Task: Although pictures appear in the records, the copy must leave them out and match everything else exactly.

--

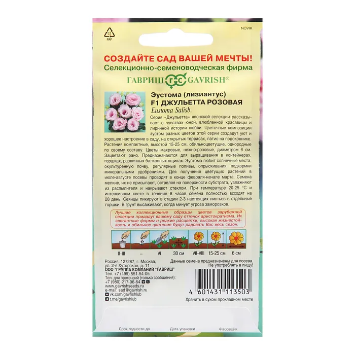 Семена Эустома "Джульетта розовая", ц/п, F1, 4 шт. — Характеристики
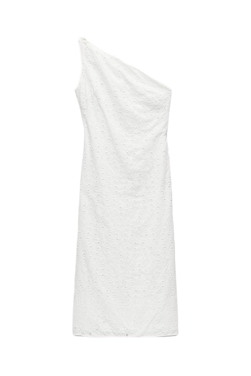 Abito asimmetrico in sangallo.
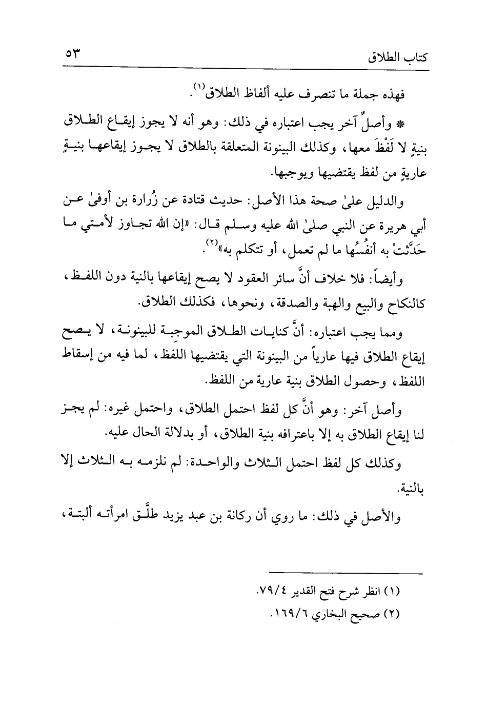 ومما يجب اعتباره: أن كنايات الطلاق الموجبة للبينونة، لا يصح إيقاع الطلاق فيها عاريًا من البينونة التي يقتضيها اللفظ، لما فيه من إسقاط اللفظ، وحصول الطلاق بنية عارية من اللفظ.
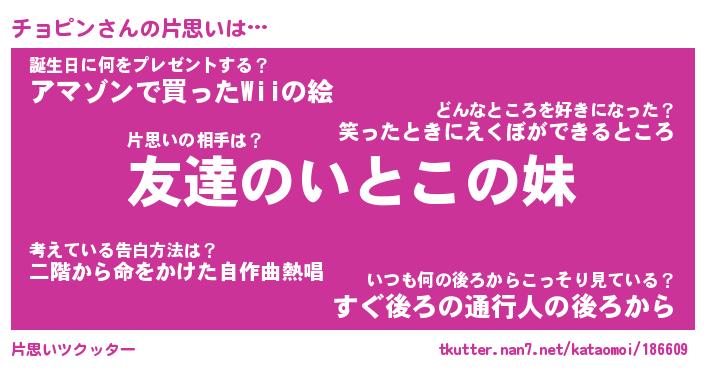 | 意味不明あだ名 | 『ペロリンチョピン』『永久保存チョピン』 |
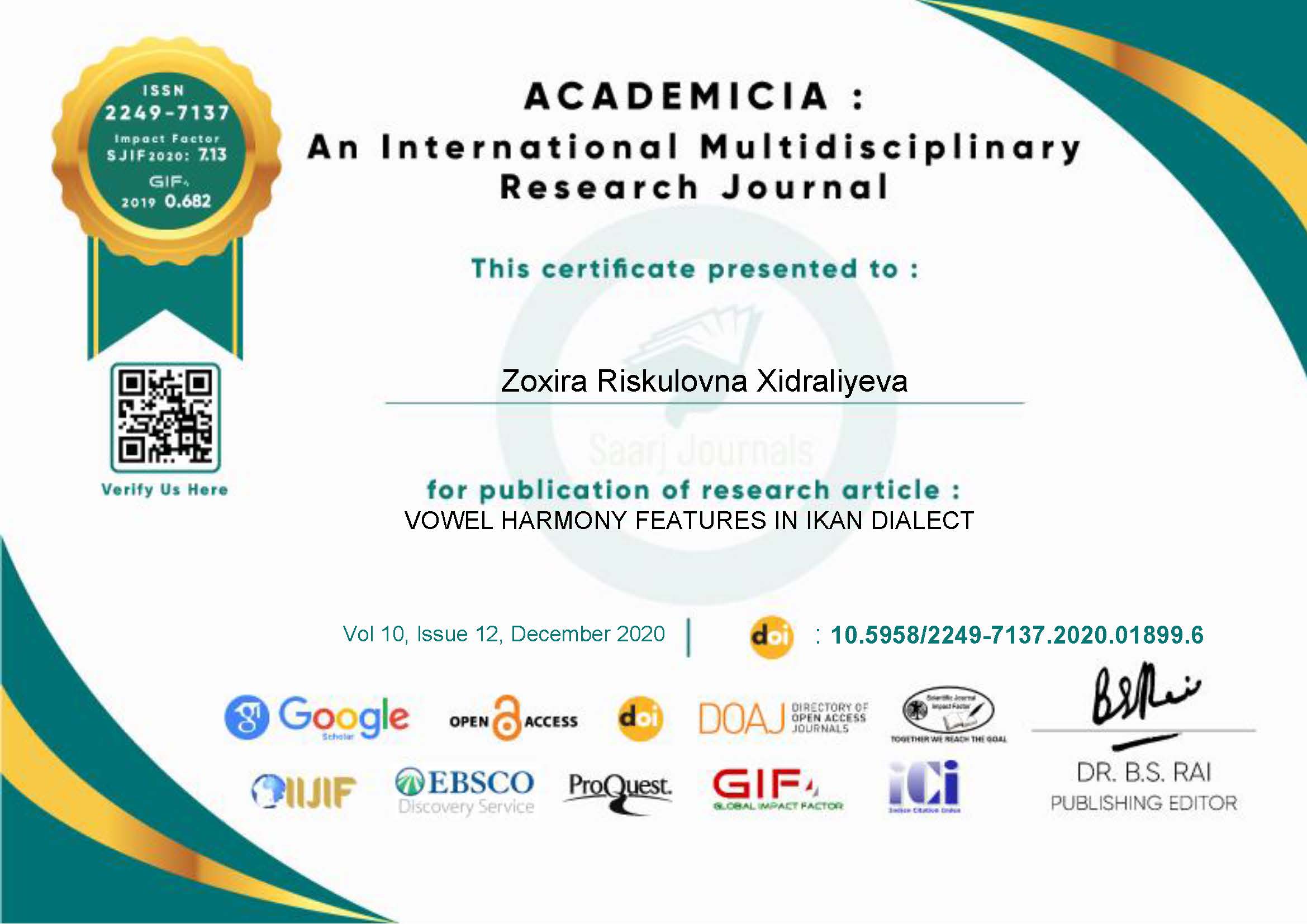 Editor of the journal "Pedagogy" TSPU named after Nizami
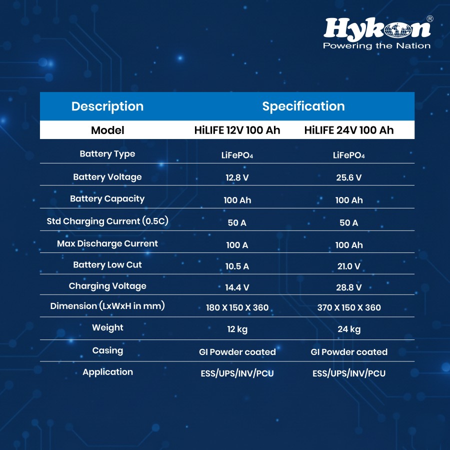 Hykon HiLIFE 12V 100Ah LiFePO4 Battery
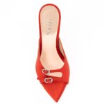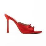 mules ψηλό τακούνι σατέν με στρας κόκκινο
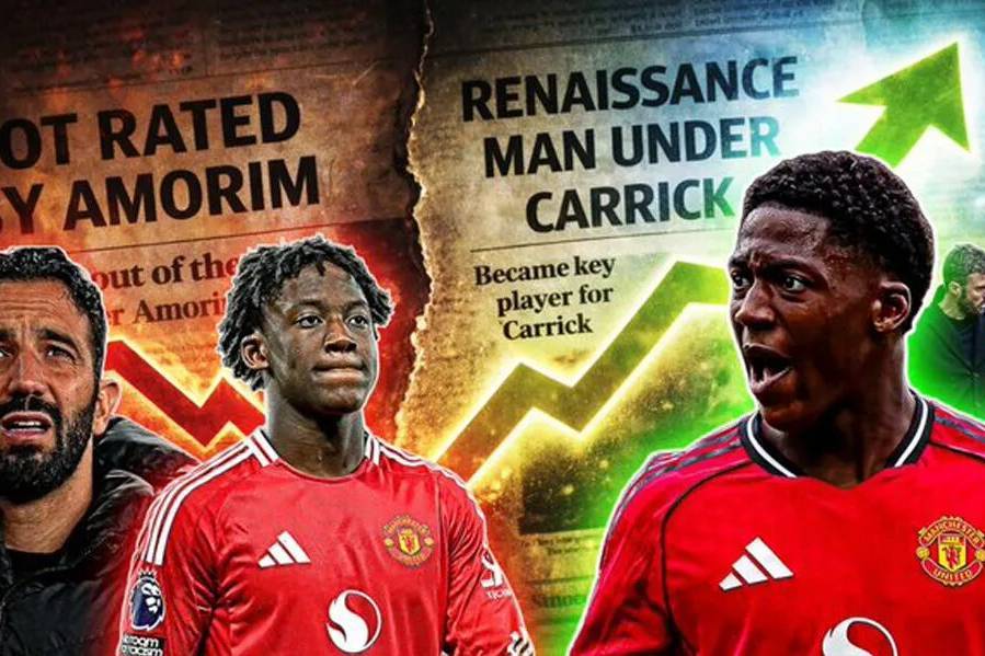 鲁本·阿莫林将被视为一名彻底失败的主教练载入曼联史册,然而他有一个贡献不容忽视,就是清洗了球队的一些不适合的球员。拉什福德、桑乔、安东尼、加纳乔和霍伊伦德等人,都在他任下被出售或者租借。险些被阿莫林送走的20岁红魔青训中场科比·梅诺,幸运地撑到了换帅后,在卡里克的4231阵型里重新找到了位置。

--

Result for this task:
 Семена Эустома "Джульетта розовая", ц/п, F1, 4 шт. — Характеристики
 Abito asimmetrico in sangallo.
 ومما يجب اعتباره: أن كنايات الطلاق الموجبة للبينونة، لا يصح إيقاع الطلاق فيها عاريًا من البينونة التي يقتضيها اللفظ، لما فيه من إسقاط اللفظ، وحصول الطلاق بنية عارية من اللفظ.
 | 意味不明あだ名 | 『ペロリンチョピン』『永久保存チョピン』 |
 Editor of the journal "Pedagogy" TSPU named after Nizami
 Hykon HiLIFE 12V 100Ah LiFePO4 Battery
 mules ψηλό τακούνι σατέν με στρας κόκκινο
 鲁本·阿莫林将被视为一名彻底失败的主教练载入曼联史册,然而他有一个贡献不容忽视,就是清洗了球队的一些不适合的球员。拉什福德、桑乔、安东尼、加纳乔和霍伊伦德等人,都在他任下被出售或者租借。险些被阿莫林送走的20岁红魔青训中场科比·梅诺,幸运地撑到了换帅后,在卡里克的4231阵型里重新找到了位置。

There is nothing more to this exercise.